However, it also has optical audio plus IR blaster to control your cable or satellite set top box. That is definitely a cool feature if you want to record TV shows. Some other good things about this device is you can record pretty much anything. Comes with many cables to allow you to do this. Does not come with PS3 or Xbox gaming cables. However, like I have mentioned, PS3 can not be recorded with HDMI, so that may be a problem. If you have the component cables to your system this won’t be an issue. Also, has a cool shape and blue line that goes around the device that looks pretty nice. Can live stream to Twitch etc also. Does basically everything you could want.

The biggest con, in my opinion, is the software. It’s not bad per se, but it could be refined a bit more and it’s only for PC. It does everything you would want it to do and gives you a lot of control, but doesn’t seem as user friendly as Elgato’s, and lacks some features. You can edit your footage in the same program you record in which is nice. This is great for people starting out, but if you are planing on becoming the next YouTube star, getting use to pro software should be something you learn anyways.

It also takes a big brick style power supply. If you didn’t realize already, just like the Elgato you need a computer to use it. Unfortunately, if you are a Mac user you are screwed. Not because it’s impossible to use this device, but because they are dicks and charge you more money for compatible software.

Here are the requirements from their site. Similar to the Elgato’s basically, but needs a bit less power.

  • Laptop or desktop PC with 3.0 GHz single core or 2.0 GHz multi-core processor
  • Microsoft® Windows® 8, 7 or Vista (32 or 64-bit), or Windows XP Service Pack 3
  • HD PVR 2 GE Plus includes application which runs on Mac OSX 10.7 / 10.8 ( Intel 32/64bit only, no PPC support)
  • TV set with HDMI input
  • 1 GB memory recommended
  • Graphics card with 256 MB memory
  • Sound card
  • 220 MB free hard disk space
  • CD-ROM drive (for software installation)

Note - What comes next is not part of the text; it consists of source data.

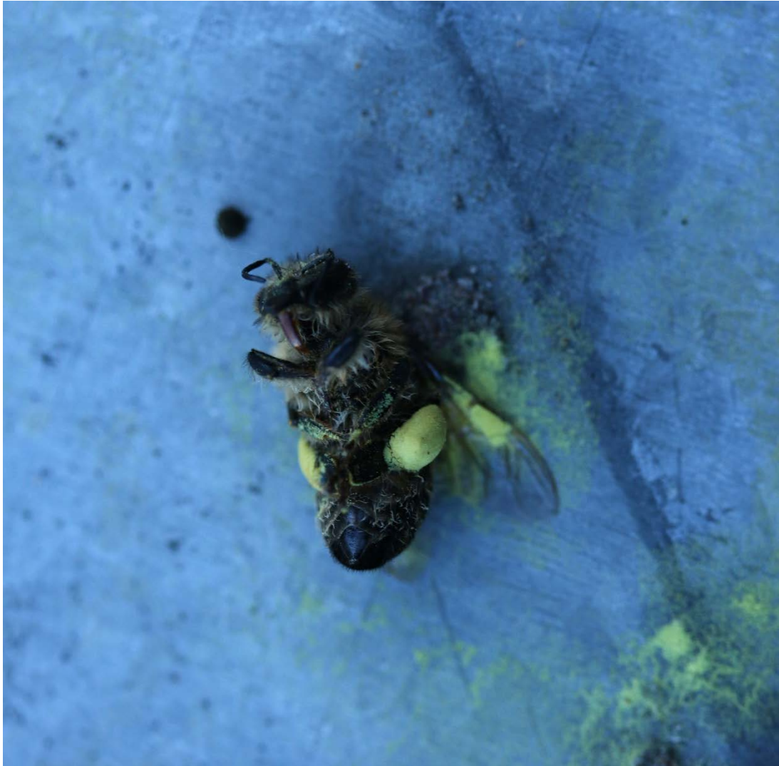
Bild 6: Auf dem Blechdach des Bienenstockes „notgelandete“ Trachtbiene mit Pollen. Am Vortag im kalten Ostwind erstarrt und eingegangen. Fotografiert am 31. 10.2015. 10.50 Uhr.

Der Varroamilbe steht mit der (eigentlich nicht geplanten) Fortdauer der Bruttätigkeit eine längere Phase für die eigene Vermehrung zur Verfügung. Da mit der sogenannten Restentmilbung durch den Imker im November/Dezember nie 100 Prozent erfasst werden können, bleibt, durch die länger andauernde Vermehrungszeit für die Varroamilbe, zwangsweise eine größere Milbenzahl als "Restmilben" übrig. Diese bilden die Startpopulation im kommenden Frühjahr. Die Höhe dieser Startpopulation ist maßgeblich dafür verantwortlich, wie rasch bzw. wann die Milbenzahl im Sommer eine für das Bienenvolk kritische Größe erreichen wird. Unter ungünstigen Bedingungen, wie langes Brüten in den Herbst hinein und eine nur kurze brutfreie Phase durch einen milden Winter, kann sich die Milbe so stark vermehren (exponentielle Entwicklung), dass bereits Ende Juli die ersten
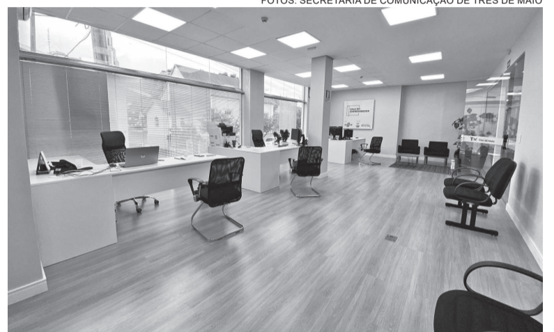
O novo espaço da Secretaria de Desenvolvimento Econômico é mais amplo e moderno

Em 2025 a secretaria planeja o lançamento do programa Juro Zero, uma iniciativa que visa facilitar o acesso a crédito para pequenos e médios empresários que precisam de recursos financeiros para expandir seus negócios. No último ano o programa Juro Zero injetou na economia do município mais de R$ 1,2 milhão.
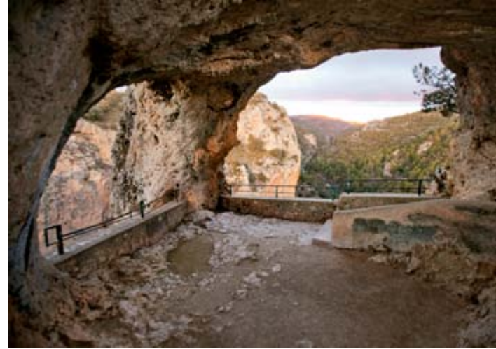
Ventano del Diablo, Villalba de la Sierra

Partiendo desde Cuenca , la ciudad construida entre rocas, hoces y ríos, y tomando la carretera paisajística CM-2105, muy pronto se adentra el viajero en el Parque Natural de la Serranía de Cuenca , más de 73.000 hectáreas de maravillas naturales entre las que discurre íntegramente la ruta que ahora comenzamos. Sin duda una de las joyas medioambientales de Cuenca y Castilla-La Mancha, plena de vegetación, agua, rocas y fauna, destino insoslayable para aquél que quiera disfrutar del turismo de naturaleza. A sólo 20 kilómetros de la capital encontramos Villalba de la Sierra, en cuyo término municipal se halla el Ventano del Diablo , una especie de cueva horadada en la roca desde la que, con cientos de metros de desnivel, se contempla en todo su esplendor el río Júcar abriéndose paso por una angosta garganta. Un enclave ideal para practicar deportes de aventura y disfrutar del paisaje.
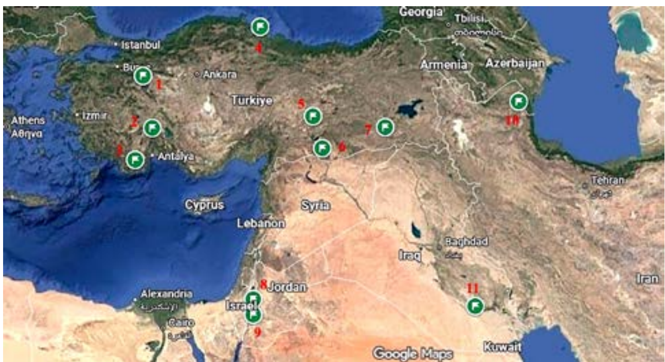
Рис. 9. Археологические памятники с травмами летального характера: 1 – Сарыкет/Демирчигуюк; 2 – Харманйорен; 3 – Караташ; 4 – Икизтепе; 5 – Арслантепе; 6 – Титриш Гуюк; 7 – Башур Гуюк; 8 – Баб эдх-Дхра; 9 – Вади Файнан 100; 10 – Гилар; 11 – Ур
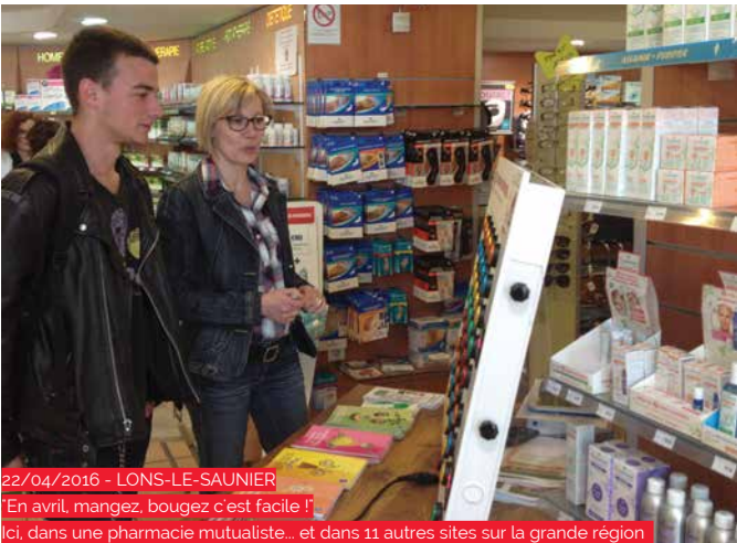
22/04/2016 - LONS-LE-SAUNIER "En avril, mangez, bougez c'est facile !" Ici, dans une pharmacie mutualiste... et dans 11 autres sites sur la grande région
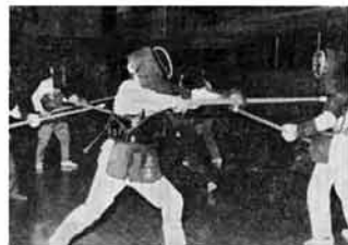
エイッ！の気合も若々しい

ことを目的としています。したがって強制的に加入をすすめたりするものではありませんが該当する人へまだ加入しておられない方はぜひ一度福祉係の窓口で相談してみてください。
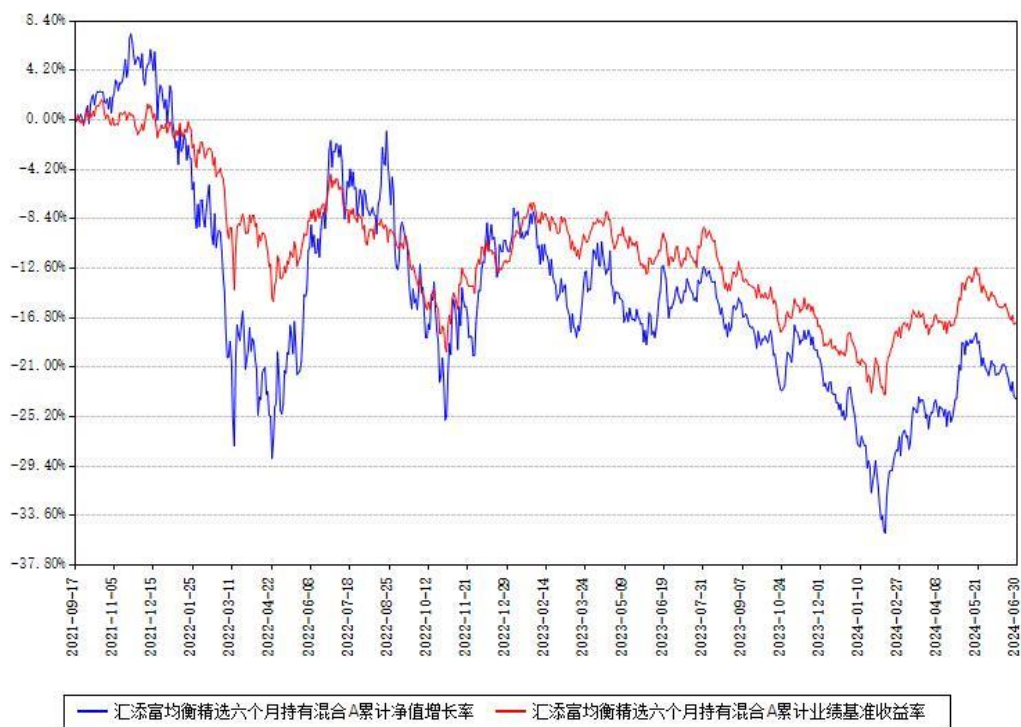
汇添富均衡精选六个月持有混合A累计净值增长率与同期业绩基准收益率对比图
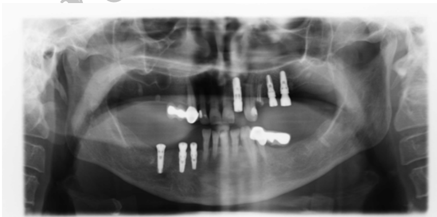
شکل ۱. ریشه‌های باقی‌مانده‌ی متعدد، پوسیدگی دندان‌ها، ضایعه‌ی پری‌اپیکال در دندان پرمولر اول فک بالا دقیقاً مجاور ایمپلنت مشاهده می‌شود

با وجود آگاهی دندان‌پزشکان از توالی صحیح طرح درمان، به دلیل استقبال فراوان دندان‌پزشکان و بیماران از درمان‌های ایمپلنت، بیم آن می‌رود که در مواردی توالی طرح درمان به درستی رعایت نشده و قبل از انجام سایر درمان‌های مورد نیاز بیمار که مقدم بر درمان ایمپلنت هستند، جراحی‌های ایمپلنت صورت گرفته و سبب شکست درمان و مشکلات متعاقب آن گردد. بنابراین هدف از این مطالعه بررسی رادیوگرافی‌های پانورامیک جهت تعیین خطاهای صورت‌گرفته در حین درمان و انتخاب محل کاشت ایمپلنت در بیماران دارای فیکسچر ایمپلنت (مرحله‌ی Post surgical) مراجعه‌کننده به بخش رادیولوژی
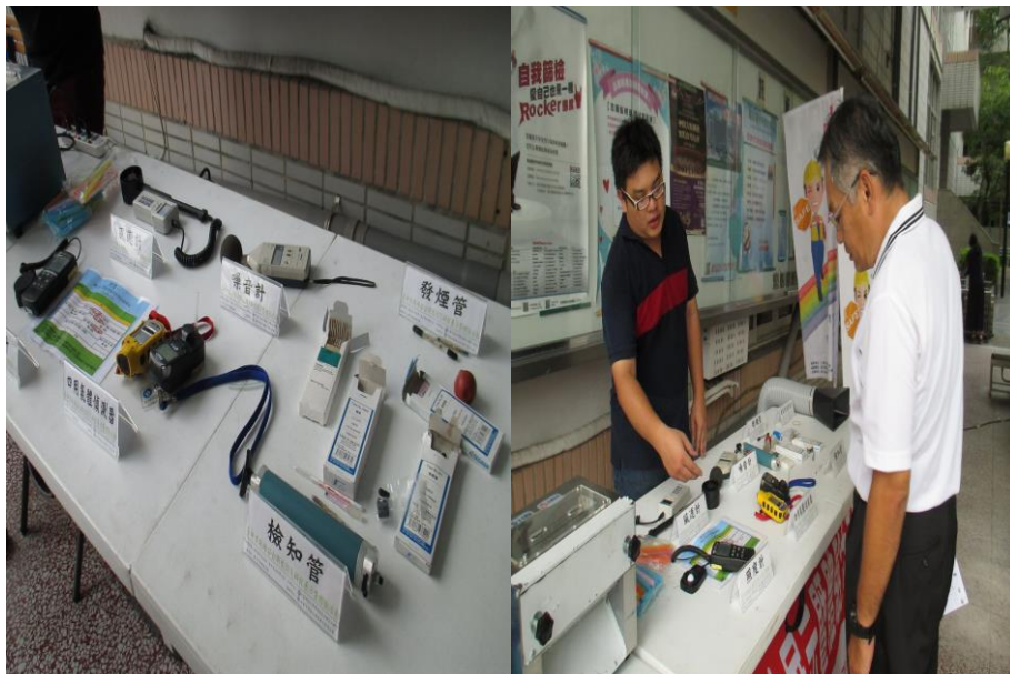
作業環境監測儀器使用說明
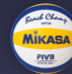
VXT 30 UVP 49,95 € / S. 37
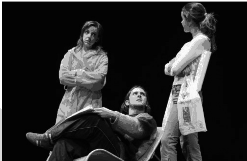
Pollos a mitad de precio. Troteatro. Universidad de Sevilla

De este modo, aunque los directores más previsores vayan preparando sus textos para el año siguiente con suficiente antelación, resulta a veces inútil puesto que no se sabe con certeza si al comienzo de curso van a ser muchos o pocos los alumnos participantes.
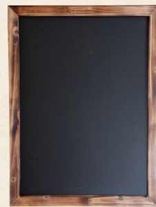
焼杉ボード 17-445-08 (49491) 4,000円 チョークタイプ 約45×60×1.7cm ※ボード板面：約38×53cm ※ブラックボードチョークタイプ ※マグネットには対応しません。
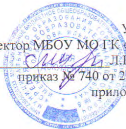
График проведения уроков 2 сентября 2020 года
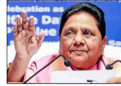
कबड्डी खिलाड़ी की हत्या समाज को झकझोर देने वाली है: बसपा
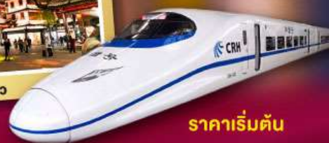
ราคาเริ่มต้น
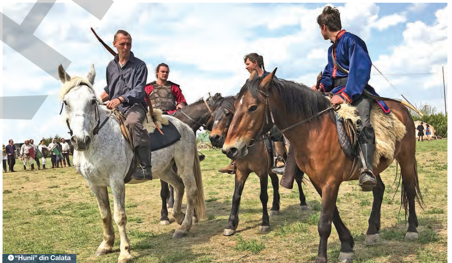
► “Hunii” din Calata
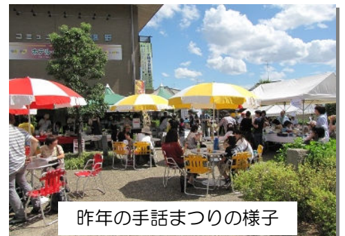
昨年の手話まつりの様子
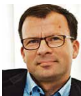
MARCIN ZIELENIECKI podsekretarz stanu i wiceminister, Ministerstwo Rodziny, Pracy i Polityki Społecznej, Polska
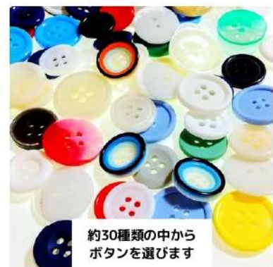
約30種類の中から ボタンを選びます
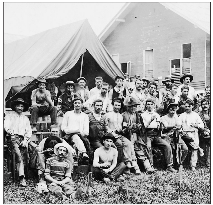
Un grupo de gallegos que trabajaron en el Canal de Panamá.

en el de Montevideo, en el Lar Gallego de Sevilla y en el Centro Galicia de Buenos Aires, así como en la Hermandad Gallega de Venezuela.
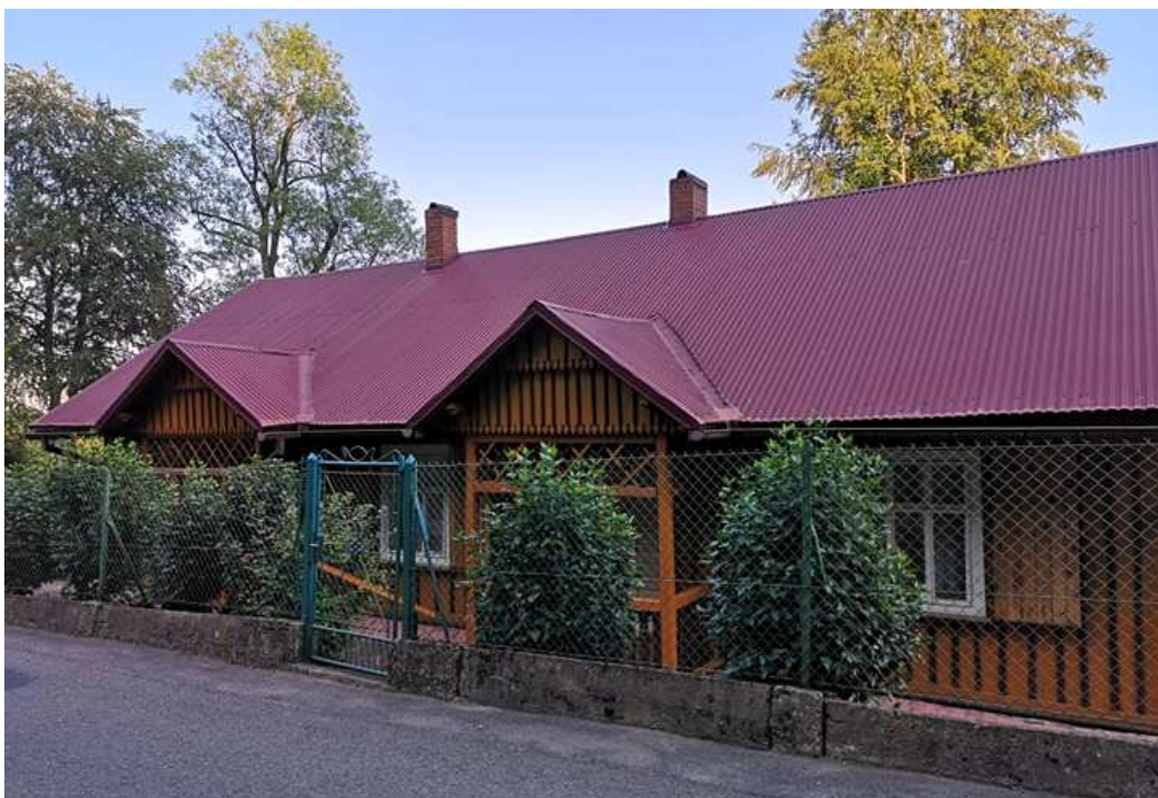
Fot. nr 278. Zapewne przedwojenny dom z profilowanym gankiem spod nr 19.

Devices it can record: PC, Mac, PS3, Xbox 360, Xbox One, PS4, Wii, Wii U, even old systems like PS1, PS2, NES, Atari, virtually anything you can think of.

You can buy the Hauppauge HD PVR 2 on Amazon

Hauppauge HD PVR 2 Gaming Edition

Hauppauge HD PVR 2 Gaming Edition-small

Super similar to the one above, but can also record your face at the same time, according to them. I don’t see why the other versions can’t do that as well, however. It doesn’t have an optical audio and 5.1 channel sound like the normal version can do. Nor does it have an IR blaster. It does include the PS3 and Xbox cables. That seems to be the main difference in allowing them to call this the “Gaming Edition”. Again, still no Mac support. Also, I should note, you don’t really need the Xbox cables as you can just use HDMI. Same for PS3 if you have the splitter.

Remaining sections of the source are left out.